You should go read the rest of Rine’s article. Her observations here are important because they show that evangelicals lost the marriage argument long before gay marriage was even on anybody’s radar screen. Evangelicals succumbed to an unbiblical view of marriage a generation ago when they let the ubiquity of contraception and no-fault divorce go unchallenged. She is undoubtedly right about this. We have sown to the wind, and we are now reaping the whirlwind with the Millennial generation.
The practical upshot of this for pastors and church leaders is that we need more biblical instruction and formation on these issues, not less. Yes, we need clear instruction about what the Bible says about homosexuality, but that by itself won’t be enough. Our children need to learn what the meaning and purpose of marriage and sexuality are. And this involves not only teaching them the truth, but also providing models of healthy marriages and family life. And we have to show them that God’s design for marriage and family is the best way of life, not just the best theory. In short, we have to be a bona fide counterculture if we are going to win the next generation.
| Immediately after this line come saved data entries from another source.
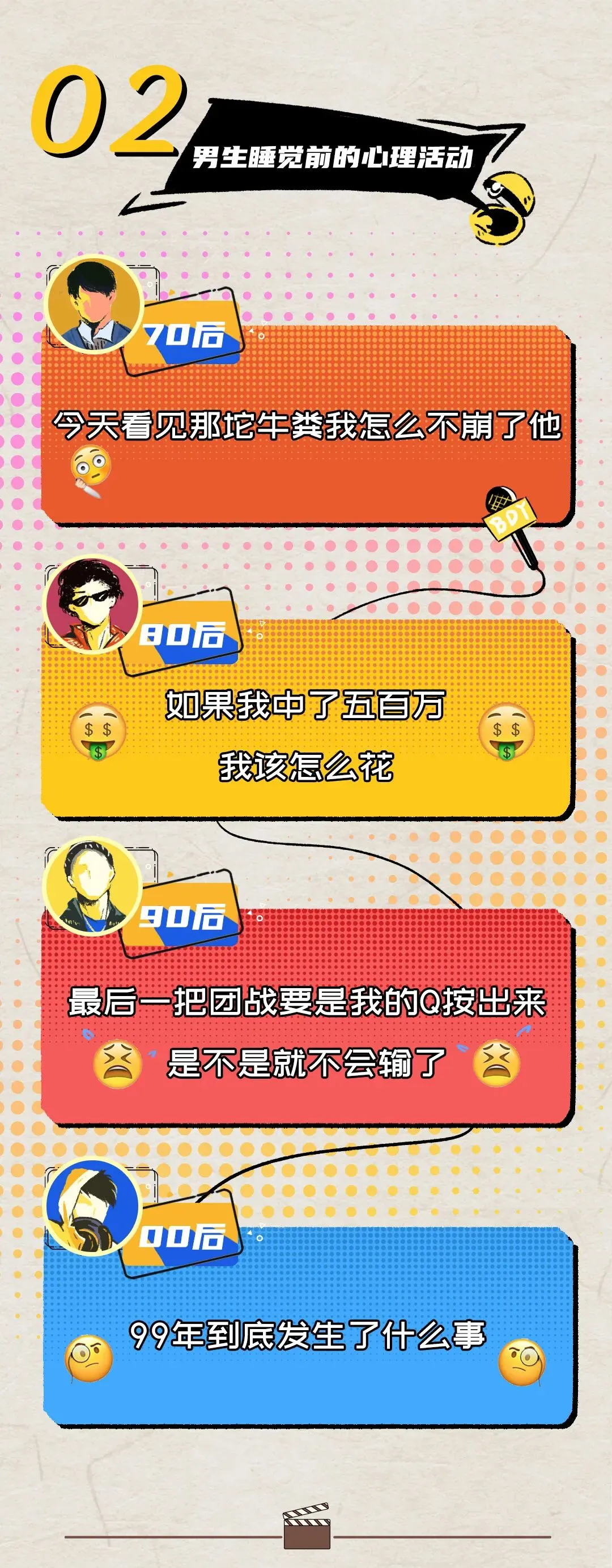 今天我们来看下在不同的情况下,70后、80后、90后、00后会有怎样不同的内心戏。
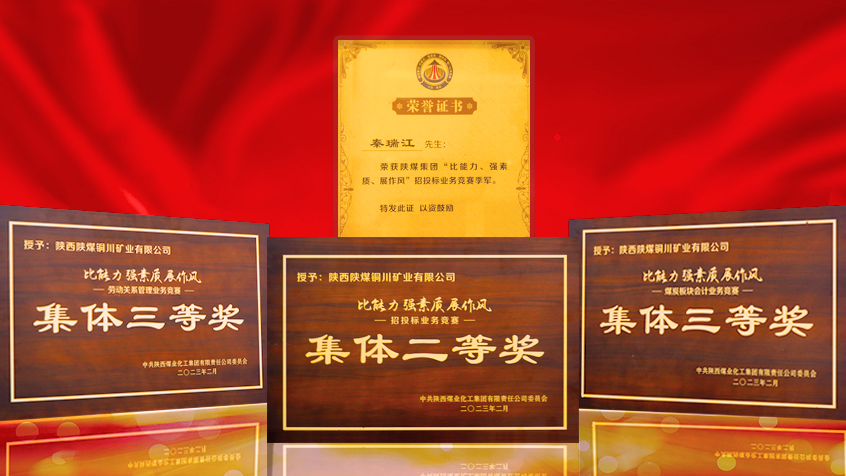 2月16日,陜煤集團2022年度“最美員工”暨“比能力、強素質(zhì)、 展作風”部門業(yè)務(wù)競賽頒獎晚會在西咸國際會議中心舉行。會上,公司被授予“招投標業(yè)務(wù)競賽”集體二等獎、“煤炭板塊會計業(yè)務(wù)競賽”集體三等獎、“勞動關(guān)系管理業(yè)務(wù)競賽”集體三等獎,公司職工秦瑞江榮獲“招投標業(yè)務(wù)競賽”季軍,一并受到表彰。
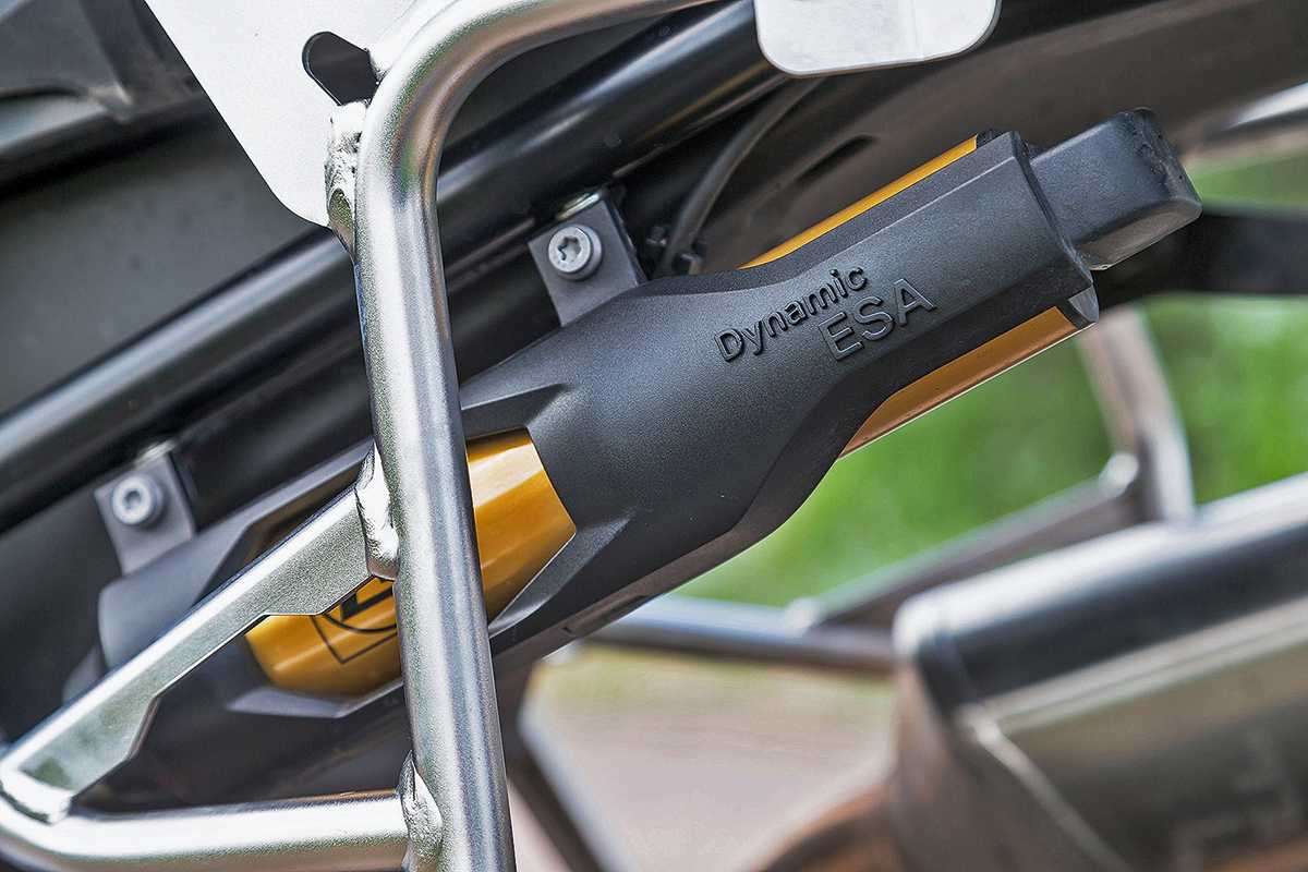 Задний амортизатор здесь имеет классическую конструкцию (на 850ке стоит амортизатор системы WAD с прогрессивным демпфированием). В базовом виде преднатяг амортизатора настраивается вручную с помощью гидравлической системы, как и сглаживание отбоя. Перейдя на Premium Package, вы получаете электронное динамическое управление подвеской Dynamic ESA, которое позволяет настраивать подвеску с помощью кнопок. Ход задней подвески составляет 175 мм, что примерно на 4 сантиметра меньше, чем на F850GS.
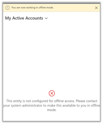 Navigating to the Account entity (which is not configured for offline) shows the below message.
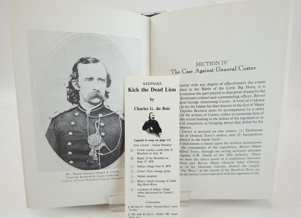 A Casebook of the Custer Battle…  the author states: “General George A. Custer died a hero’s death in the service of his country. His was a soldier’s death, quick and violent. Mourned by his friends, and they were many – reviled by his enemies, and they were many – he emerges today, in the light of truth, an honourable man worthy of his country’s adulation… Perhaps we may then agree with General Nelson A. Miles, one of the greatest of the army officers who served on the Western Frontier, when he said, ‘I have no patience with those who would kick a dead lion’.” And so, there we have it… that is where the title came from!
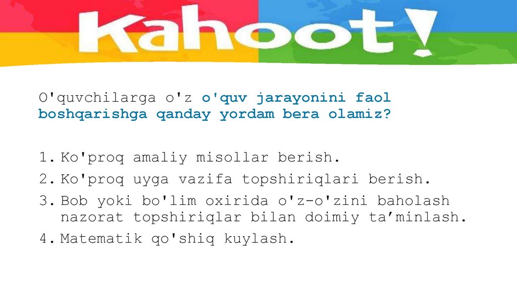 O'quvchilarga o'z o'quv jarayonini faolboshqarishga qanday yordam bera olamiz?

Hi Denny. Would it not be wise to go deeper? Would it not be a stronger foundation to develop and teach biblical understanding of gender that then leads to these other topics? This would undergird the whole gamut of sexual, relational, ecclesiological issues we struggle with today.
To be clear, I’m not suggesting merely the work of CBMW, but a deeper, richer view that is rooted in why we were made.
For the record I do appreciate CBMW but I see it as a necessary response to a current moment which stops when the culture’s questions are answered. We need to develop a fully orbed Christian understanding of gender that does not rely on outside challenges for it’s formation (though I recognise historically such challenges have been a catalyst for doctrinal development).
“when they let the ubiquity of contraception and no-fault divorce go unchallenged”
Meaning what, exactly? That past evangelicals should have fought to criminalize the sale of contraceptives?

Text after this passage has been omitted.